Analysis pipelines with Python

Resources and parallelism

Overview

Teaching: 30 min
Exercises: 15 min
Questions
  • How do I scale a pipeline across multiple cores?

  • How do I manage access to resources while working in parallel?

Objectives
  • Modify your pipeline to run in parallel.

After the excercises at the end of our last lesson, our Snakefile looks something like this:

# our zipf analysis pipeline
DATS = glob_wildcards('books/{book}.txt').book

rule all:
    input:
        'zipf_analysis.tar.gz'

# delete everything so we can re-run things
rule clean:
    shell:  
        '''
        rm -rf results dats plots
        rm -f results.txt zipf_analysis.tar.gz
        '''

# count words in one of our "books"
rule count_words:
    input: 	
        wc='wordcount.py',
        book='books/{file}.txt'
    output: 'dats/{file}.dat'
    shell: 	'python {input.wc} {input.book} {output}'

# create a plot for each book
rule make_plot:
    input:
        plotcount='plotcount.py',
        book='dats/{file}.dat'
    output: 'plots/{file}.png'
    shell:  'python {input.plotcount} {input.book} {output}'

# generate summary table
rule zipf_test:
    input:  
        zipf='zipf_test.py',
        books=expand('dats/{book}.dat', book=DATS)
    output: 'results.txt'
    shell:  'python {input.zipf} {input.books} > {output}'

# create an archive with all of our results
rule make_archive:
    input:
        expand('plots/{book}.png', book=DATS),
        expand('dats/{book}.dat', book=DATS),
        'results.txt'
    output: 'zipf_analysis.tar.gz'
    shell: 'tar -czvf {output} {input}'

At this point, we have a complete data analysis pipeline. Very cool. But how do we make it run as efficiently as possible?

Running in parallel

Up to this point, Snakemake has printed out an interesting message whenever we run our pipeline.

Provided cores: 1
Rules claiming more threads will be scaled down.
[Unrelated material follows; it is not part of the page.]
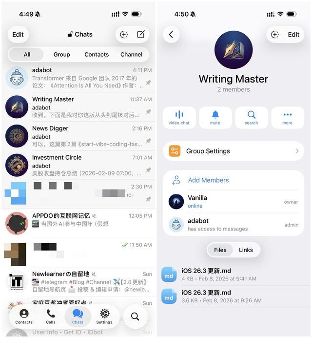 在 OpenClaw 上,我创建了一个写作专属的群组,来完成我的整个写作流程中 AI 协作的部分。在写作时,我会打开飞书的 Writing Master 群分屏放在左侧,把 iA Writer 的编辑窗口分屏放在右侧。

So far, Snakemake has been run with one core. Let’s scale up our pipeline to run in parallel. The only change we need to make is run Snakemake with the -j argument. -j is used to indicate number of CPU cores available, and on a cluster, maximum number of jobs (we’ll get to that part later).

snakemake clean
snakemake -j 4    # 4 cores is usually a safe assumption when working on a laptop/desktop
Provided cores: 4
Rules claiming more threads will be scaled down.
# more output follows

Our pipeline ran in parallel and finished roughly 4 times as quickly! The takeaway here is that all we need to do to scale from a serial pipeline is run snakemake with the -j option.

How many CPUs does your computer have?

Now that we can have our pipeline use multiple CPUs, how do we know how many CPUs to provide to the -j option? Note that for all of these options, it’s best to use CPU cores, and not CPU threads.

Linux - You can use the lscpu command.

All platforms - Python’s psutil module can be used to fetch the number of cores in your computer. Using logical=False returns the number of true CPU cores. logical=True gives the number of CPU threads on your system.

import psutil
psutil.cpu_count(logical=False)

Managing CPUs

Each rule has a number of optional keywords aside from the usual input, output, and shell/run. The threads keyword is used to specify how many CPU cores a rule needs while executing. Though in reality CPU threads are not quite the same as CPU cores, the two terms are interchangeable when working with Snakemake.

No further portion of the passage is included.